AI-based charging management for the integration of electric vehicles using a reference low voltage grid in Hamburg

Conference: NEIS 2022 - Conference on Sustainable Energy Supply and Energy Storage Systems
09/26/2022 - 09/27/2022 at Hamburg, Germany

Proceedings: NEIS 2022

Pages: 8Language: englishTyp: PDF

Authors:
Fu, Yuzhuo; Stadler, Andreas; Avdevicius, Edvard; Mavraj, Gazmend; Jebali ep Samet, Meriam; Pinke, Nils; Schmalholz, Oliver; Plenz, Maik; Schulz, Detlef (Electrical Power Systems, Helmut Schmidt University/University of the Federal Armed Forces Hamburg, Germany)
Versen, Dennis Salvador; Stiemer, Marcus (Theory of Electrical Engineering and Numerical Simulations, Helmut Schmidt University/University of the Federal Armed Forces, Hamburg, Germany)

Abstract:
In recent years, electric vehicles (EVs) are considered to be a promising way to reduce greenhouse gas emissions from the transportation sector. However, the increasing penetration of EVs into the distribution network (DN) raises serious concerns about the network’s safe and reliable operation. The uncontrolled EV charging with random behavior will lead to volatile load peaks on the distribution transformer. In order to obtain more transformer loading capacity available for integration of further EVs, distributed energy resources (DERs) and related devices, such as heat pumps, the transformer loading must be limited to a certain range. For this reason, an intelligent charging management based on model-free Reinforcement Learning (RL) is proposed in this work. The RL management is able to control the charging power of all EVs connected to the network without previous knowledge about the arriving- and leaving time. The needed information for the RL-agent to perceive the current state of the system is formed with cumulated values such as the total energy requirement and the total charging power demand of all EVs. In this paper, the RL algorithm is trained on real-world energy consumption data for a month and on a reference network, created with selected characteristics of a substation network area in the northeast of Hamburg.

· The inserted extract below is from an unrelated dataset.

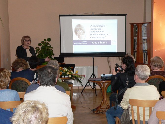 "Wszyscy jesteśmy konsumentami" - tak brzmiał temat spotkania poseł Elżbiety Królikowskiej-Kińskiej z mieszkańcami Koluszek, które odbyło się z inicjatywy Akademii Wieku Dojrzałego prowadzonej przez Miejską Bibliotekę Publiczną w Koluszkach.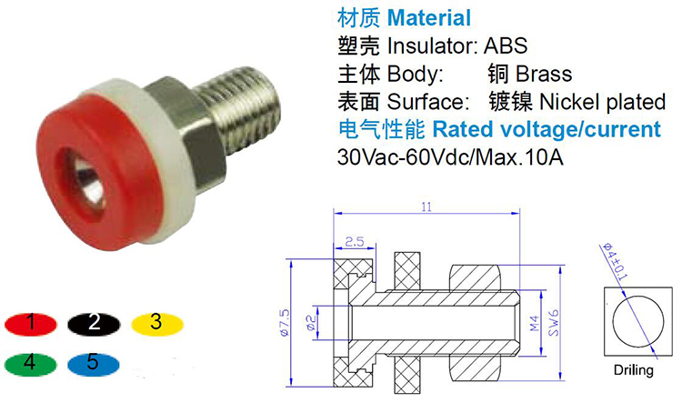 艾邁斯2mm面板插座 頂部螺紋 教學(xué)儀器用 短型 插孔鍍鎳耐10A熱賣

Comparing with uncontrolled charging, the simulation results show that the RL-based charging management avoids 99 % of threshold violations regarding transformer loading and results in 1 % of EV energy requirement is not satisfied. Through sensitivity analysis regarding the state space representation in the employed RL process, the necessity of providing the state of charge (SOC) or the energy requirements of EV users are proven to improve the charging control performance.